Voice slightly querulous, he was saying, "-not associated with Tenebrae in any way, milord." More evasions.
"One splits a dense object with a blunt hammer, not a sharp blade, I suppose, so let me be blunt, Pirenne." Hibiki left just enough time for the insult to land. "If your daughter produces a performance sufficient to justify my doing so, I intend to offer her the Imperial Gold for next year. Since I cannot do so without besmirching the Imperial honour if she becomes the disowned scion of Hyperio, you are not under any circumstances to disown her. Do I make myself clear?"
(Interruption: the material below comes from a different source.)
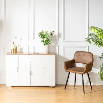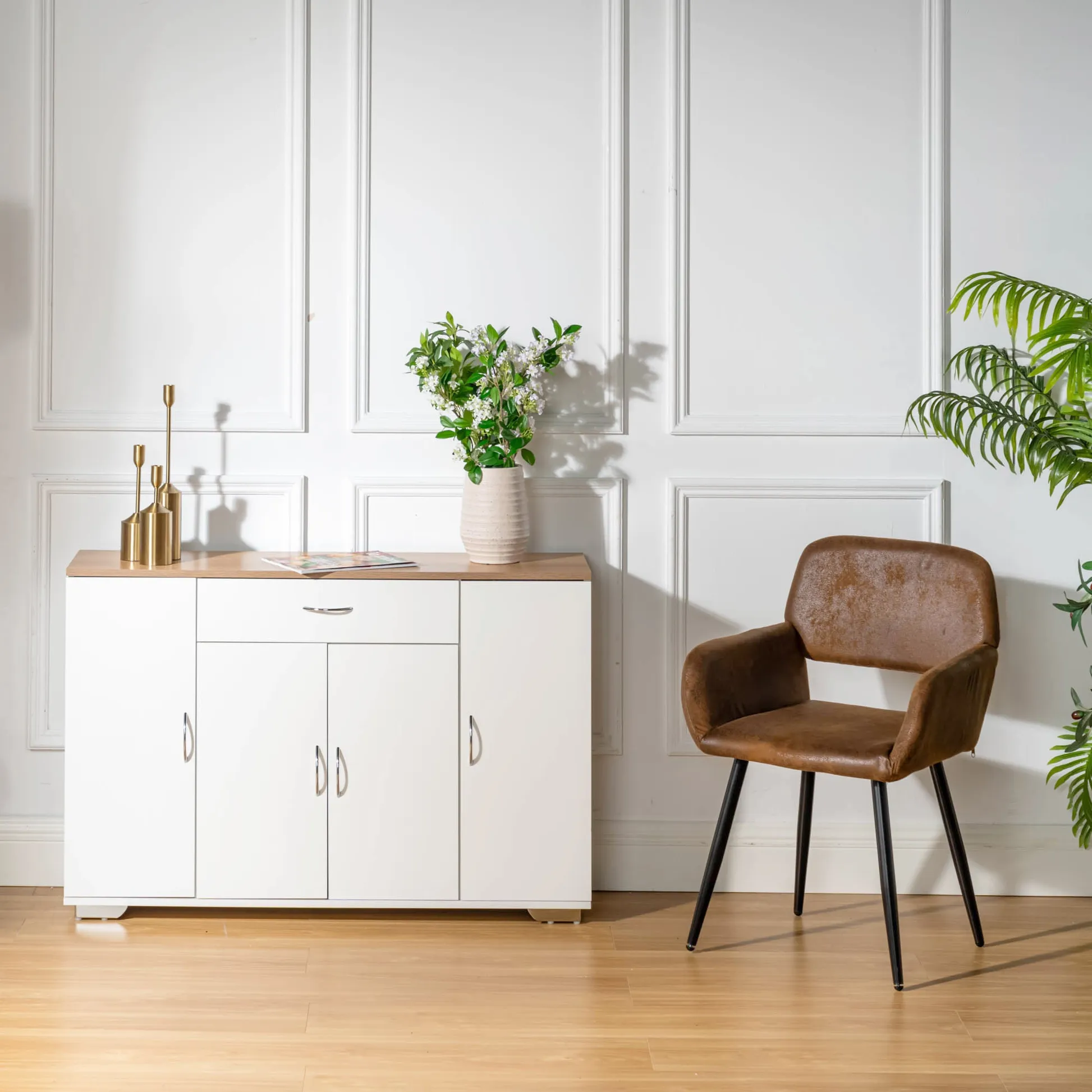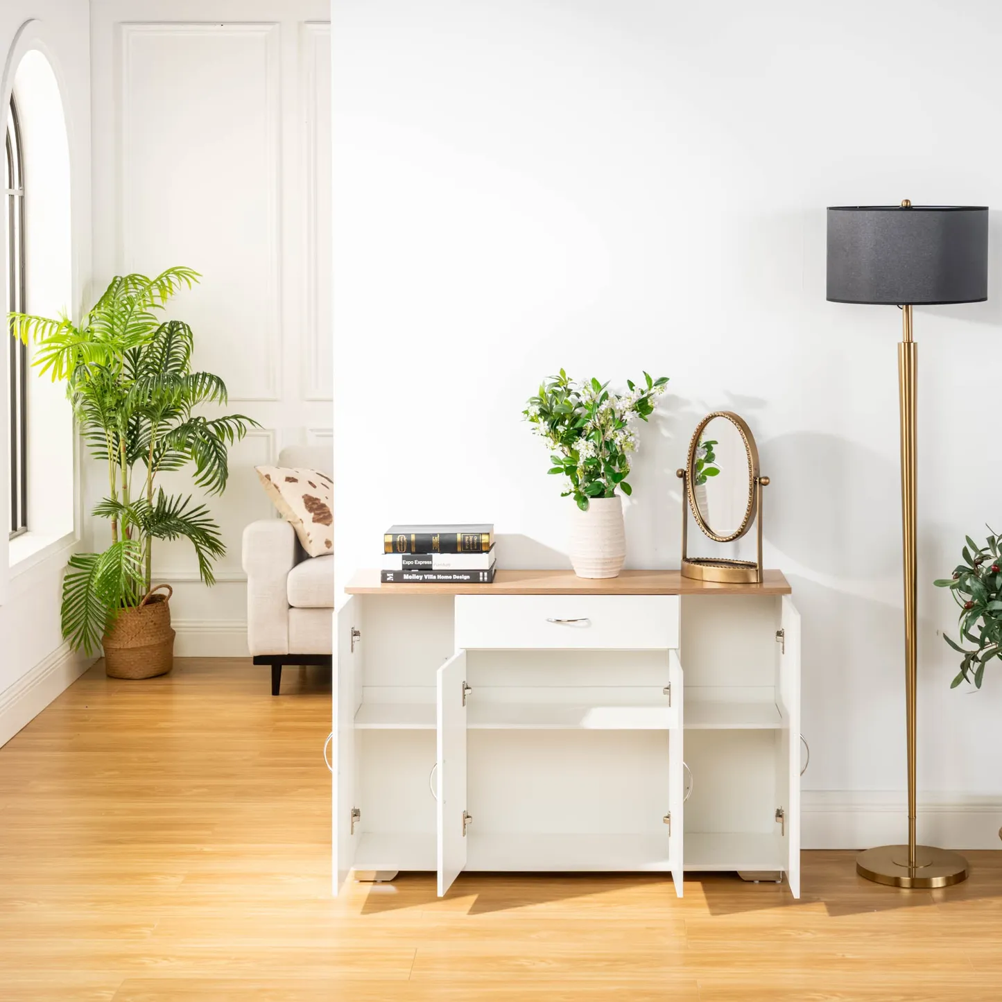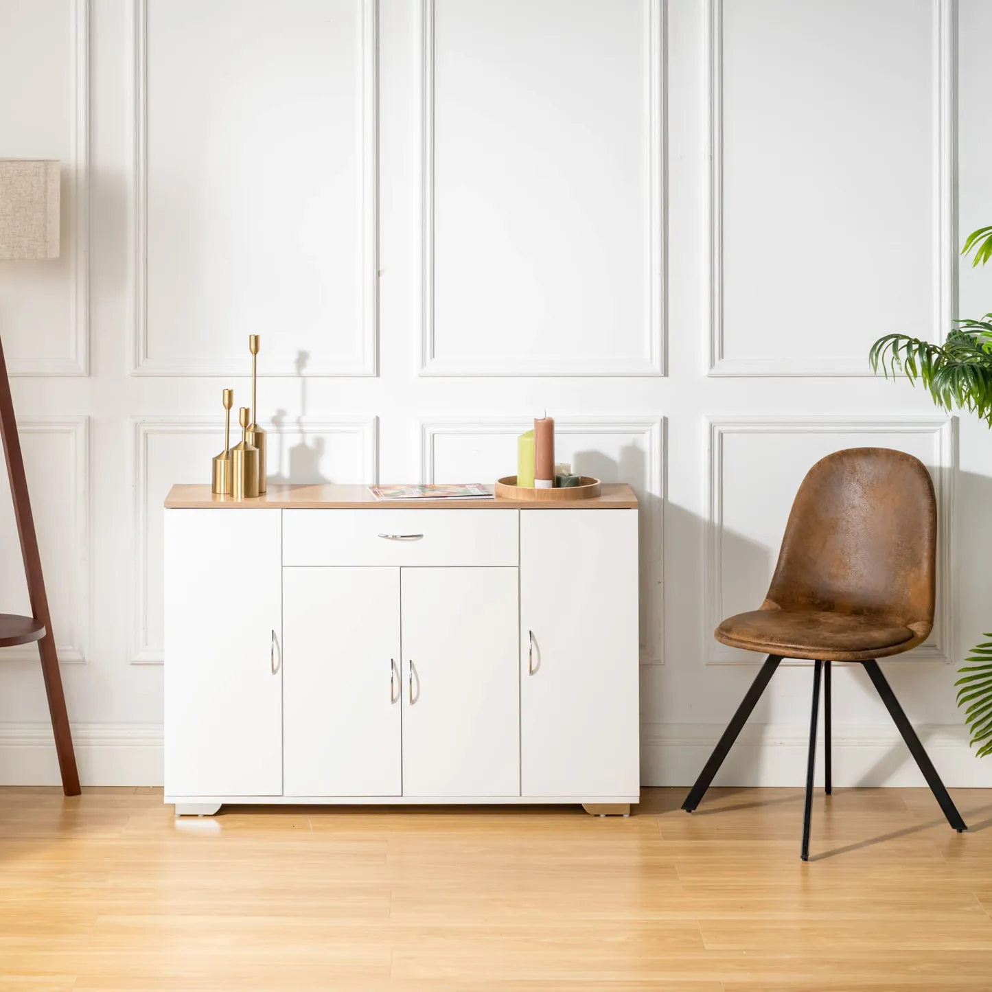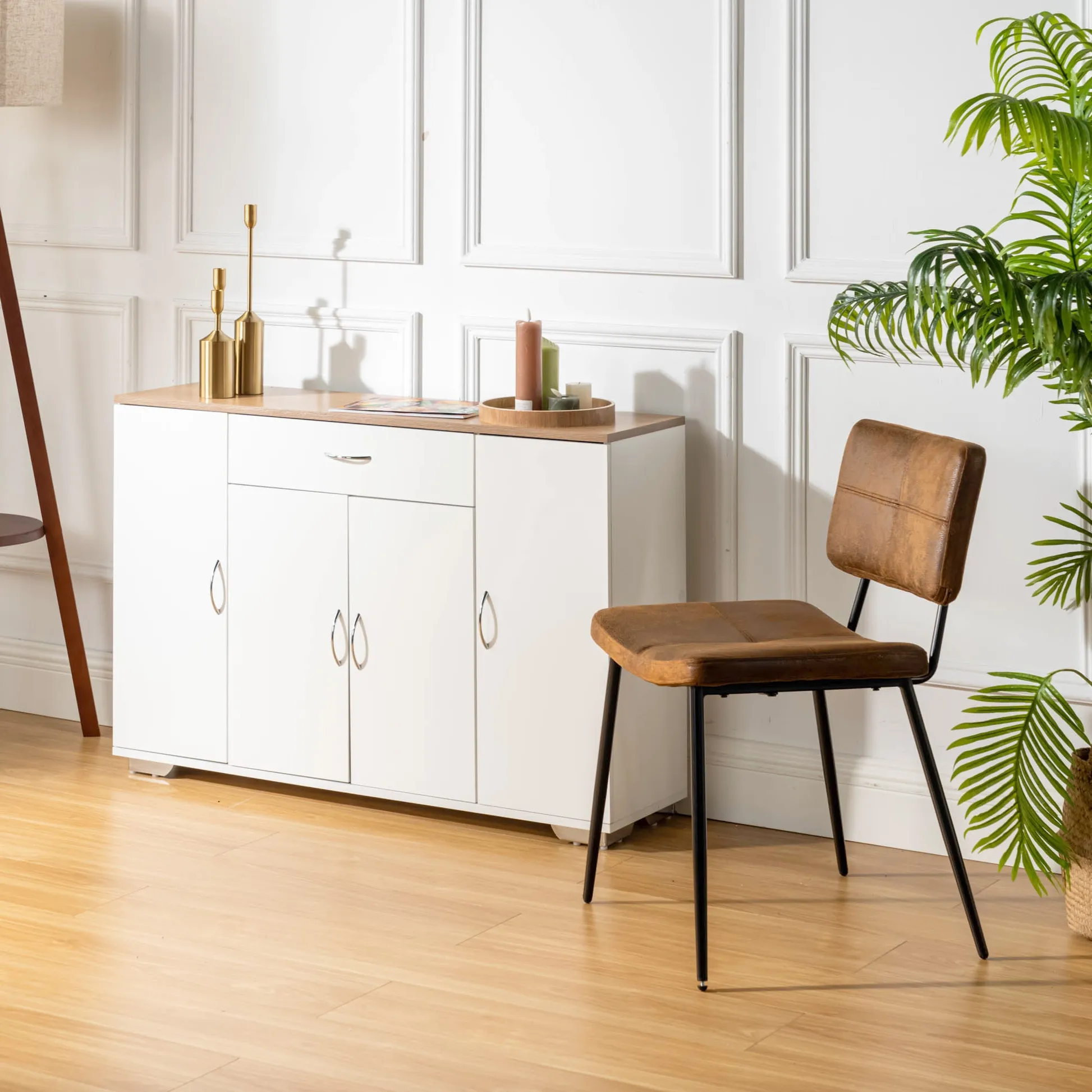 White sideboard with oak look top, one drawer and four doors. Organizes dinnerware and linens for dining room or entry and keeps daily clutter hidden and off the floor.

"If she's fallen in with gutter criminals-" The Duke spluttered, face reddening.
"Oh, be silent, the Castelloro boy is no worse than many of your business associates." Vox did not move or change his posture. "Need I remind you why the tombs of your father and great uncle hold no bones?"
Duke Hyperio made a strangled sound, his cheeks heading quickly through pink towards purple. Both men had been naval officers in the war against Carthagia five decades prior, their bodies lost with their ships in a rash overextension for which the family still bore some shame. For his Majesty the Eternal Emperor to invoke their deaths was a vicious slap in the face.
Hibiki smiled thinly. "You seem overcome, my dear Pirenne. I've heard some terrible things about your health lately. Perhaps you should consider delegating some of your public duties to young Helia, even make time for a leave of absence?"